I certainly think it's true. A good example is large, predefined releases which go into low-level details. With predefined releases we are assuming that we know how project execution will play out well ahead of time.

My experience has shown me that we don't know, especially with large complex projects there are too many interfaces involved and decisions during execution that change the reality of what adds value from the customer perspective.

This creates all kinds of hassles regarding which scope goes into which release, which really doesn't matter when it comes to the end customer. Unless it's going to change the timeline for which these features or capabilities are available to the end user, it doesn't really matter which release it gets pocketed into.

What If?

So what if projects treated validated learning, a concept from Eric Ries' book "The Lean Startup", as the primary goal of the project? What if the primary purpose was to learn through iterations and then provide what the end-user wants, as opposed to just having the delivery of certain scope on time and on budget?
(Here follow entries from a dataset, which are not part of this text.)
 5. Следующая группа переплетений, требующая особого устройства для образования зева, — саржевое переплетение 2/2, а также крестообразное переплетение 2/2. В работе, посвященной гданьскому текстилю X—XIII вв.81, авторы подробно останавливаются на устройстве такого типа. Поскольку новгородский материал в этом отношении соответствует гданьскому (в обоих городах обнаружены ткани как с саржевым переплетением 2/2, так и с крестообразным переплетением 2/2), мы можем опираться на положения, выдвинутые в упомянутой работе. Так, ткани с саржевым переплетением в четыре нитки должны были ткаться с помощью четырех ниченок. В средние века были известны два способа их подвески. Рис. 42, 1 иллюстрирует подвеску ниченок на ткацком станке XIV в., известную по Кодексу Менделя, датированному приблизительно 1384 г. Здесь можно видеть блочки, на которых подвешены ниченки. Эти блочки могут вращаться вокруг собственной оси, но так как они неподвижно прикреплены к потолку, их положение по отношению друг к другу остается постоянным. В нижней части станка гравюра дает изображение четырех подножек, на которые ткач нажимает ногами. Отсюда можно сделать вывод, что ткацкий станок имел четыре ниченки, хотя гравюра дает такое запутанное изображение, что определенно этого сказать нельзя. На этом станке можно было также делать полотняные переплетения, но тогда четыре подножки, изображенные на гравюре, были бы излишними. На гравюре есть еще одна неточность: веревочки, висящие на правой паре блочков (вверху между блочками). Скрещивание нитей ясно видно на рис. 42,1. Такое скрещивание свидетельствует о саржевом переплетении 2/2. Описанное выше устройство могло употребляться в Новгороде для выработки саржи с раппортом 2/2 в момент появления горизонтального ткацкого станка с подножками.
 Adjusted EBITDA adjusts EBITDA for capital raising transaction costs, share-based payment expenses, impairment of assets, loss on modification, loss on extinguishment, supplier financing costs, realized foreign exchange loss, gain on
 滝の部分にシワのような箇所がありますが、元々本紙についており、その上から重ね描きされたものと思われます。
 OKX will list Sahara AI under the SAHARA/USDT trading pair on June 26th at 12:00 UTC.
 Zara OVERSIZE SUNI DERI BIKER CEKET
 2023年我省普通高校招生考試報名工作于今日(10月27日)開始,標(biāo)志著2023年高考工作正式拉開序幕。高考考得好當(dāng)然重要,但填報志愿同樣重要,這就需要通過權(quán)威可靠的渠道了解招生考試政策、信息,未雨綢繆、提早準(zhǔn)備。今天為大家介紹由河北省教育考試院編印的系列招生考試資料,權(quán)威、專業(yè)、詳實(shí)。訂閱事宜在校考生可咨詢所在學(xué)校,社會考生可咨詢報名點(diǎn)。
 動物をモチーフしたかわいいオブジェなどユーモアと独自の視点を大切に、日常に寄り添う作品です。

Could we set up a project management system in such a way that learning, validated learning, is the primary driver for project planning and execution, and still be confident that we are going to meet the projects scope schedule and budget requirements?

I haven't had an opportunity to do this myself fully from end-to-end on a large project. I've only been able to implement these types of principles within a subset of a larger project. So I can't say for sure. But I have heard from many people who are implementing projects in a Lean organization, using the type of approach that I'm talking about here.

What do you think about the importance of learning as a major part of your project management methodology? Deming's Plan>Do>Check>Act cycle is (sometimes) applied to PM processes, but how often is it applied directly to assessing the customer definition of value?  Please discuss in the comments below!

Posted on: January 20, 2012 09:16 PM | Permalink | Comments (0)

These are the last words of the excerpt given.